We said multiple times that the transport level has been rewritten and simplified, but what is the result?
Green == encrypted
As the name implies, this is what identifies the connection. In truth, two endpoints will have different connection IDs for the same connection. That is because during the handshake each enpoint tell the other which connection id it wants to receive.
This means that each party has access to the full 2^32 connection space!
An other very important thing to notice is that we do not use the IP addresses to identify a connection. multihoming, IP mobility are therefore easily supported without additional effort.
Reserver connection IDs
Not the whole 2^32 space can actually be used for connections.
There are 3 different connection IDs that have been reserved:
- 0: This is used during the handshake, during the connection setup phase.
- 1: Multicast: the content of the packet is from a multicast transmission.

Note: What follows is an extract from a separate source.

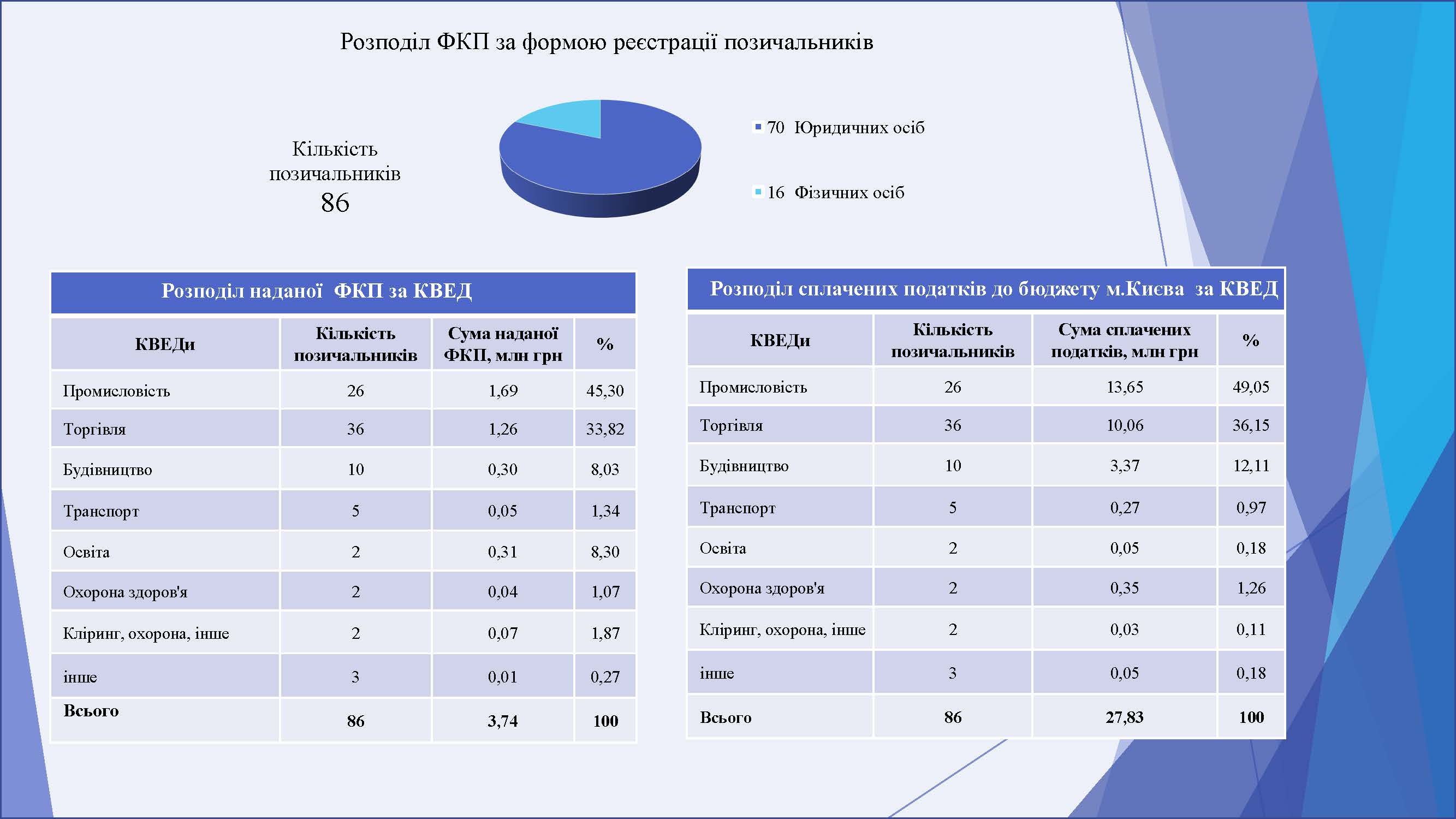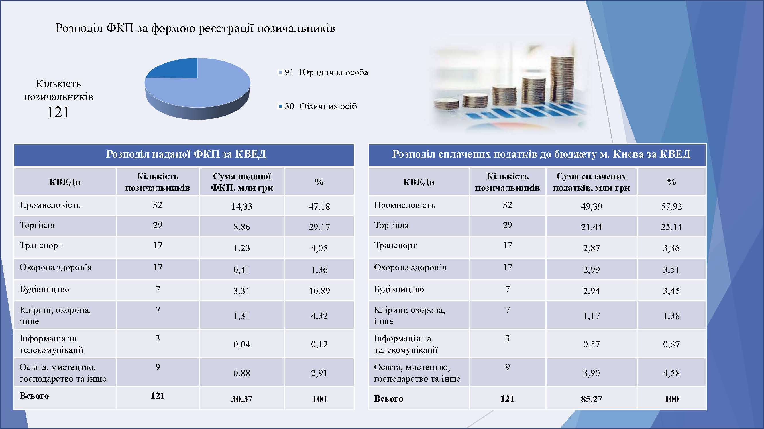 Згідно з рішенням Київської міської ради від 30.05.2024 № 471/8437, «Про питання надання фінансово – кредитної підтримки суб’єктів малого та середнього підприємництва у місті Києві в умовах воєнного стану» встановлено, що з 01 червня 2024 року на час дії воєнного стану та 90 календарних днів після його припинення чи скасування, ФКП надається суб’єктам малого та середнього підприємництва у місті Києві, які здійснюють свою основну діяльність, визначену в Єдиному державному реєстрі юридичних осіб, фізичних осіб-підприємців та громадських формувань, відповідно до КВЕД 2010 секція С «Переробна промисловість» клас 30.30 «Виробництво повітряних і космічних летальних апаратів, супутнього устаткування».

- 2: Proxy support: (future use) this is intended to be used and parsed by any node on the network. With this we will implement explicit and transparent secure proxies that will handle encrypted data. No user tracking, just data caches at the network level. Or a secure CDN (Content Delivery Network) if you will.
Its size is dependent on which algorithm we use for encryption. In its simplest form it can be a 32-bit counter that will enable us to decrypt each packet individually.
Encrypted part (green)
Rnd , padding
The very first thing we encounter is some random padding on the packet. This is put at the beginning to help better randomize the output encryption function (depending on the mode used), but more importantly to randomize the structure of the packet, especially where the content is placed.
Although encryption algorithm should make this step unnecessary, new attacks against TLS, like BEAST and CRIME, have shown us that traffic analysis is very important, so every step towards twarting traffic and packet analysis is well accepted.
These next 8 bytes can be repeated multiple times in each packet.
First we have a stream identifier. The identifier lets us use up to 65k streams, each with its own characteristic: unreliable, reliable, ordered, unordered, bytestream, datagram.
The flags is actually only 2 bits, that are used to signal the beginning and end of the user message in the case of datagram transmissions.
The counter is therefore a 30-bit unsigned int, that can overflow as needed. This limits the unacknowledged data to 1GB. Which is really enough, counting that there are 65k more additional streams, the total is somewhere in the range of 65PB. That should be enough for a while...
Also known as HMAC. Not used if the encryption algorithm is an AEAD one.
An optional ulterior field (in the future) will be an error correcting code to avoid dropping too many packets due to bitflips or small network errors.